Platinum members do indeed get 15 guest certs, or more depending on the size of their account. and they do get a 50% discount on last minute reservations. They dont get this discount on everything that they do.

And there are Platinum members that find themselves with more points than they can use personally, so they are willing make reservations for others at a break even level (your offer is less than that)

There are other platinum members that do rentals as a business, ie they want to make some money when they rent their reservations, chances are you wont get something at break even or less pricing from them, They wont be insulted as Capital City suggests in the post above, but they will say no

And sometimes if you are lucky you will come across a special situation. last year I assisted a Gold VIP who had 1.5 million points in his account about to expire. we advertised these at $3-$4 per 1000 points and got rid of them practically overnight. just so he could recover some of the mf he had invested.. But that was a one time thing, I bought his contract and I rent for a profit

Watch the classified ads and the last minute deals forum here on TUG for opportunities.


----------



## lcml11 (Dec 30, 2012)

khalil said:


> Hi Everyone
> 
> I heard about Wyndham points [solicitation removed].
> I heard platinum members are allowed 15 FREE guest certificates per annum.
> ...



http://www.nxtbook.com/nxtbooks/wyndham/memberdirectory11-12/

Here is a link to the members directory.  The points charts by the resorts are included.  Your price point per thousand points may have some takers that are Platinum if the points you paid for are as specified in the points chart for the unit size of the unit(s) involved.  The owner probably would need to keep the VIP discounts and the upgrade related discounts and your reservations would need to be made 60 days or less.

All of the Wyndham resorts I have been to have been outstanding.  June, July, and August tend to be the high demand months.  Reservations for the price target you are seeking would probably occur in the off seasons for the resorts involved.

Wish you luck.

Example:

Resort:Wyndham Bonnet Creek Resort:  Unit type: 2 Bedroom Deluxe Check-In date: 01/04/2013 Length of stay: 7 nights ...  Total points required: 63,000 

189,000 points are needed under the points chart for this unit.  The point chart rate for this unit would be $756 dollars at $4 dollars per thousand points.  The unit would be $ 340.20 dollars for the unit for the Platinum member at the Club Wyndham Access rate of $5.40 cents per thousand ponts.


----------



## khalil (Dec 30, 2012)

Hi Guys

Thanks for the link of the points chart.

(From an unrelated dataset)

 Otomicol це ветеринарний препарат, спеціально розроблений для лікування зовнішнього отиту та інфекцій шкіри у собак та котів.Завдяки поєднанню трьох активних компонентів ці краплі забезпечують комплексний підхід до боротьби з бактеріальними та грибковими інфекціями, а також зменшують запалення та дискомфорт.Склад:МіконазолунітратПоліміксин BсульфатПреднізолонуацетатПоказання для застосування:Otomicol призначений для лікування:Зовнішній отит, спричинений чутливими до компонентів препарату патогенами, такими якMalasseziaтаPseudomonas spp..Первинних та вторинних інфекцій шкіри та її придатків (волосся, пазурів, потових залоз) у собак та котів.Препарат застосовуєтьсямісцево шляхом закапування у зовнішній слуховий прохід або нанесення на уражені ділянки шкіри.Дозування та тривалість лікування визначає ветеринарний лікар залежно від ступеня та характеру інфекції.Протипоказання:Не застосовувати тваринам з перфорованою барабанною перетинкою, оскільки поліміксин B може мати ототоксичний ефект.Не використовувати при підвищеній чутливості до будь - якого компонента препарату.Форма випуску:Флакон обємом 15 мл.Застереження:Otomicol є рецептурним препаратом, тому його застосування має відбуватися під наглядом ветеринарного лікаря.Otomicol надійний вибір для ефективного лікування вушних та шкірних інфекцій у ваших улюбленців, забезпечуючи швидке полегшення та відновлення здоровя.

If possible can someone post me the  same resorts directory guide.Please send me PM for my postal address.

I am sure that you can understand my offer of $3 per 1000 points.
The South african rand is devalued against the dollar which a dollar is worth  almost nine times in South african Rands more to a  making the US very expensive to visit for a budget traveler like me.
A long time ago many years ago it was almost equivelent rand to the dollar making it affordable.

Just a correction lcm11 Bonnets creek is 84000 points for a 7 day NOT 63000 points Friday and saturday are 39000 in total and sun to thursday is 45000 points totaling to 84000 points.

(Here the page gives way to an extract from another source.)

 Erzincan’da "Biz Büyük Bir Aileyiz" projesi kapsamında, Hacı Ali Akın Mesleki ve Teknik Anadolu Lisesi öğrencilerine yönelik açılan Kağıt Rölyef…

Just to clarify this example if a Platinum members books for me from Sunday to Thursday midweek in April month at Bonnet creek 60 days or less to occupation will it the points be 22500 for 5 nights after the 50% discount on points?

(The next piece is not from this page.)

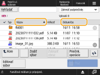 Keď sa v zozname nachádza viac úloh alebo súborov, stlačením tlačidla <Názov> alebo <Dátum/čas> môžete zoradiť zoznam položiek. Keď sa zobrazuje symbol

Any suggestions to which other Wyndham resorts have alot of tourist attractions apart from Bonnet creeks which is a mile to Disney.


----------



## vacationhopeful (Dec 30, 2012)

khalil said:


> Hi Guys
> 
> ..
> Just to clarify this example if a Platinum members books for me from Sunday to Thursday midweek in April month at Bonnet creek 60 days or less to occupation will it the points be 22500 for 5 nights after the 50% discount on points?
> ...



And you are hoping for 5 night stay at Bonnet Creek for under a $70 payment from you?

If you was my brother, maybe as a gift.


----------



## lcml11 (Dec 30, 2012)

khalil said:


> Hi Guys
> 
> Thanks for the link of the points chart. If possible can someone post me the  same resorts directory guide.Please send me PM for my postal address.
> 
> ...



You correction is noted, however, not to dwell on it, but I copied and pasted what was a real unit I could reserve today as a Wyndham Platinum member with the points that were cited.  The Points Chart and what shows up on the on-line reservation system are not necessarily the same.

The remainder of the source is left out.